A consequence of the compactness of the embeddings in (2.4) is that for the eigenvalue problem .

$$\begin{aligned} -\phi (x)\Delta u = \mu u,\ x \in R^N \end{aligned}$$
(2.11)

there exists a complete system of eigensolutions \(\{w_n,\mu _n\}\) with the following properties

$$\begin{aligned} {\left\{ \begin{array}{ll} -\phi \Delta w_j=\mu _jw_j,\ j=1,2,\cdots ,\ w_j\in D^{1,2}(R^N)\\ 0<\mu _1\le \mu _2\le \cdots ,\ \mu _j\longrightarrow \infty , \ as\ j\longrightarrow \infty . \end{array}\right. } \end{aligned}$$
(2.12)

It can be shown, as in [3], that every solution of (2.11) is such that

$$\begin{aligned} u(x)\longrightarrow 0, \ as |x|\longrightarrow \infty \end{aligned}$$
(2.13)

uniformly with respect to x.
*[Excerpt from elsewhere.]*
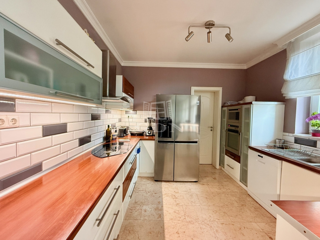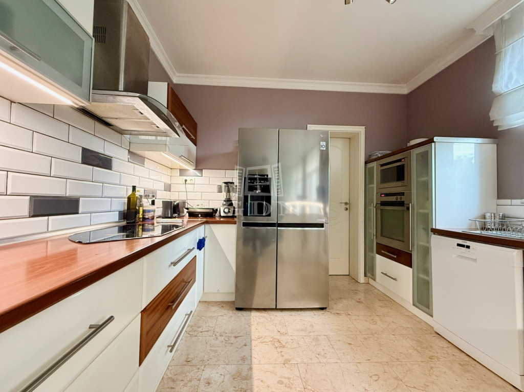 Szentendre egyik legnyugodtabb, domboldali részén, a Bokros utcában található ez a különleges kialakítású, kúria jellegű villa, amely közel 500 m² hasznos alapterülettel és egy 1500 m²-es, panorámás telekkel rendelkezik. Az ingatlan legnagyobb értéke a rugalmassága: minden szint önálló lakóegységként működik, így a ház egyszerre alkalmas nagycsaládos, többgenerációs használatra vagy akár befektetési célú hasznosításra is.
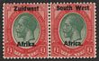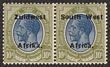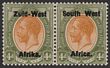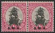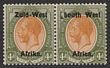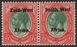 1927-30 'S.W.A' opt Union Buildings 2d grey & maroon, horiz bilingual pr, perf 14x13½, error opt DOUBLE one INVERTED. VF fresh MLH. Scott 99d cat US$800. SG 60cb cat £750. Rare as only 1 sheet recorded. Exp Holcombe. (P)

Finally, we give the definition of weak solutions for the problem (1.1). \(\square \)

Definition 1

A weak solution of (1.1) is a function \(u(x,t)=(u_1(x,t),u_2(x,t))\) such that

  1. (i)

    \(u_k\!\in \! L^2[0,T;D^{1,2}(R^N)]\), \(u_{kt}\!\in \! L^2[0,T; L^2_g(R^N)]\), \(u_{ktt}\!\in \! L^2[0, T;D^{-1,2}(R^N)]\),

  2. (ii)

    for all \(v\in C^\infty _0([0,T]\times R^N)\), u satisfies the generalized formula

    $$\begin{aligned}&\int ^T_0(u_{ktt}(\tau ), v(\tau ))_{L^2_g}d\tau +\delta \int ^T_0(u_{kt}(\tau ), v(\tau ))_{L^2_g}d\tau \nonumber \\&\quad +\,\int ^T_0\int _{R^N}\nabla u_k(\tau )\nabla v(\tau )dxd\tau -\lambda \int ^T_0(f(u(\tau )), v(\tau ))_{L^2_g}d\tau =0,\qquad \quad \end{aligned}$$
    (2.14)

    where \(f(s)=|s|^{\beta -1}s\), and

  3. (iii)

    u satisfies the initial conditions

    $$\begin{aligned} u(x,0)=\varphi (x)\in D^{1,2}(R^N)\times D^{1,2}(R^N),\quad u_t(x,0)=\psi (x)\in L^2_g(R^N)\times L^2_g(R^N). \end{aligned}$$

3 Global existence

Now we make the following assumptions.

  1. (A1)
    $$\begin{aligned} \varphi (x)= & {} (\varphi _1(x),\varphi _2(x))\in D^{1,2}(R^N)\times D^{1,2}(R^N),\\ \psi (x)= & {} (\psi _1(x),\psi _2(x))\in L^2_g(R^N)\times L^2_g(R^N) \end{aligned}$$
  2. (A2)

    \(f_k:R^2\rightarrow R\) is continuously differentiable such that for each \(u=(u_1,u_2)\in {\mathcal {X}}_0\times {\mathcal {X}}_0\), \(u_kf_k(u)\in L^1(\Omega ),k= 1,2\), \(F(u)\in L^1(R^N)\), where \(F(u) =\displaystyle \int _0^{u_1}f_1(s,u_2)ds + \int _0^{u_2}f_2(0,s)ds\).

  3. (A3)

    \(f_k:{\mathcal {X}}_0\times {\mathcal {X}}_0\rightarrow L^2(R^N), k=1,2\), satisfies a local Lipschitz condition, i.e., for any \(\delta >0\), there exists a positive constant \(C(\delta )\) such that

    \(\Vert f_k(u)-f_k(v)\Vert \le C(\delta )\Vert u-v\Vert _{{\mathcal {X}}_0\times {\mathcal {X}}_0}\) for \(u,v\in {\mathcal {X}}_0\times {\mathcal {X}}_0\) with

    \(\Vert u\Vert _{{\mathcal {X}}_0\times {\mathcal {X}}_0}\le \delta \), \(\Vert v\Vert _{H_0^1\times H_0^1}\le \delta \).

  4. (A4)

    \(\displaystyle \frac{\partial f_1}{\partial u_2}=\frac{\partial f_2}{\partial u_1}\).

  5. (A5)

    \(u_1f_1+u_2f_2\ge F(u)\ge 0,\forall u_1,u_2\in R\).

  6. (A6)

    There exists a positive constant \(n_0\ge {1/p}\) such that

    \(\displaystyle \max \{u_1f_1+u_2f_2,0\}\le \frac{1}{n_0}F(u),\forall u_1,u_2 \in R\).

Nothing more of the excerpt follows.